Снова возникла тяжелая и продолжительная пауза. Первым на этот раз ее прервал Лев:

— Как вы думаете, что с нами будет?

— Разве вы не готовы все заранее отдать на откуп Провидению? Вы готовы признать, что в данном случае человеческое решение, логически проистекающее вследствие последних событий, окажется сильнее?

— Чтобы ни случилось, я приму это как волю Господню. Чего и вам советую, если вам дорога душа ваша.

— Она мне дорога, Лев. Но мы сейчас в руках людей с не самыми добрыми намерениями относительно нас. И не будет ангела, который отворит нам темницу, как в свое время Апостолу Петру.

— «Если вы будете иметь веру с горчичное зерно и скажете горе сей: "перейди отсюда туда", и она перейдет; и ничего не будет невозможного для вас»[6], — заметил Лев.

— Если ангел не появился, когда вы здесь были один, то теперь он не появится точно, поскольку ваше благочестие нарушает своим соседством человек суетный и порочный, хотя мою голову, так же, как и вашу, тоже совсем недавно венчала папская тиара.

— Отрадно, что вы так критично и сурово относитесь к себе, но вы забываете милость и любовь Господа.
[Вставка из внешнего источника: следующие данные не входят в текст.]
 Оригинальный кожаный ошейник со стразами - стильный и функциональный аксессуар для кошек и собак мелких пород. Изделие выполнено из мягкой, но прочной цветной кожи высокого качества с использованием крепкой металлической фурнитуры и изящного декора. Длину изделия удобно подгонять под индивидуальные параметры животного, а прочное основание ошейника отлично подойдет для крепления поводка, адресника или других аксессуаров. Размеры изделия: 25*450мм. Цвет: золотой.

Воздадим же, брат мой Христофор, совместно благодарение Господу за все, что он делает для нас, рабов своих никчемных, и покаемся же мы в грехах своих.

Священники дружно прочитали молитву.

— Вы спрашивали меня, что, вероятнее всего, будет нас ждать, брат Лев?
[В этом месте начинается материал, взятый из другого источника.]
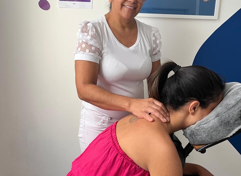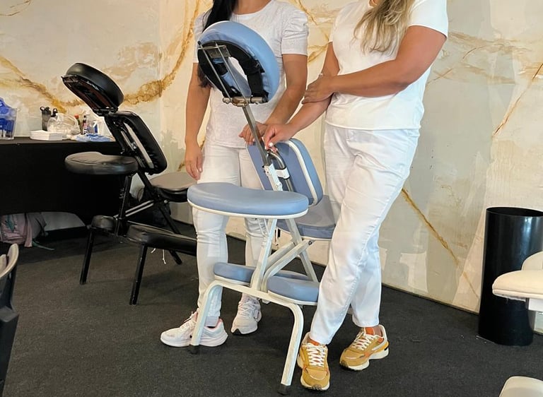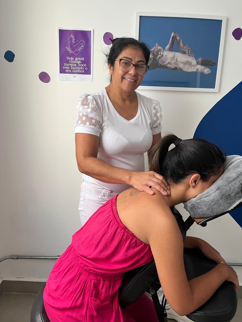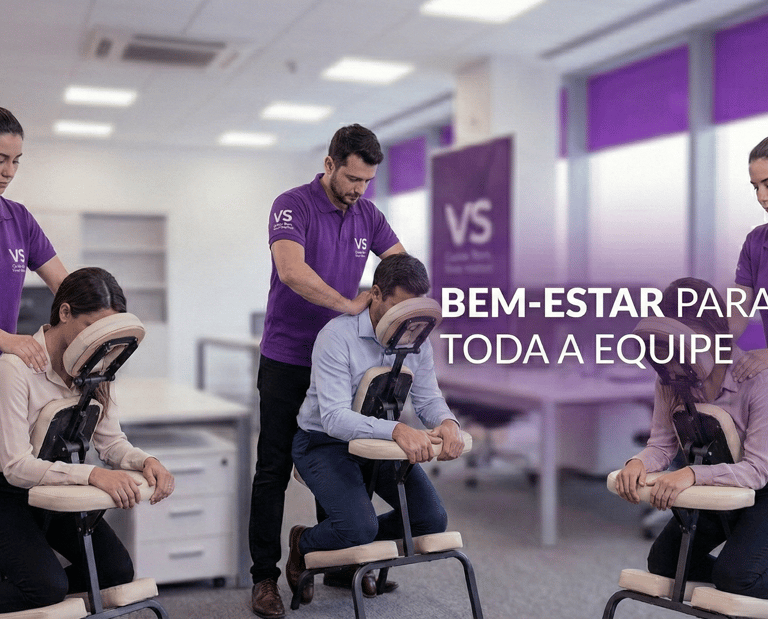 Sessões rápidas (15min) em cadeira ergonômica para alívio imediato de tensão muscular no escritório.

— Да, и я внимательно слушаю, ибо уже имел возможность убедиться в незаурядности и логике вашего ума.

— Благодарю вас, брат. Так вот, логика подсказывает мне, что нам необходимо и далее истово молиться о спасении души своей и о милости к телам нашим бренным. Наше существование на земле здешней не нужно никому ни в Риме, ни в Италии. А вот помешать своим существованием мы можем. Если какой-нибудь очередной заговорщик поднимет бунт под флагом освобождения вашей, или, в чем особо сомневаюсь, моей персоны, хуже всего от этого может быть именно нам.
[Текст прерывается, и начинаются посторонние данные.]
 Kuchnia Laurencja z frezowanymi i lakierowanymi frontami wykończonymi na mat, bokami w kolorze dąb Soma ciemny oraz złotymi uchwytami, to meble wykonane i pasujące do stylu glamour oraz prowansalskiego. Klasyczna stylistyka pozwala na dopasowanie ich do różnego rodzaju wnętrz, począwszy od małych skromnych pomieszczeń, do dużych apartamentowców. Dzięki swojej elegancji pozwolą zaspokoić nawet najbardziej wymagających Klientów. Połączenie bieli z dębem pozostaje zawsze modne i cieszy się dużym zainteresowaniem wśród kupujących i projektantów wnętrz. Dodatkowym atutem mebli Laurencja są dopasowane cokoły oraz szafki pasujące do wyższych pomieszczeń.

— Стало быть, брат Христофор, нам надо смиренно дожидаться последнего испытания нашего на пути к Царствию Божьему, на пути от тленности к нетлению.

— После Трупного синода, в котором я также выступал хулителем Формоза, после всего того, что я сделал с вами, мой путь в Царствие Божие окажется несравненно более долгим и трудным, чем у вас, брат Лев.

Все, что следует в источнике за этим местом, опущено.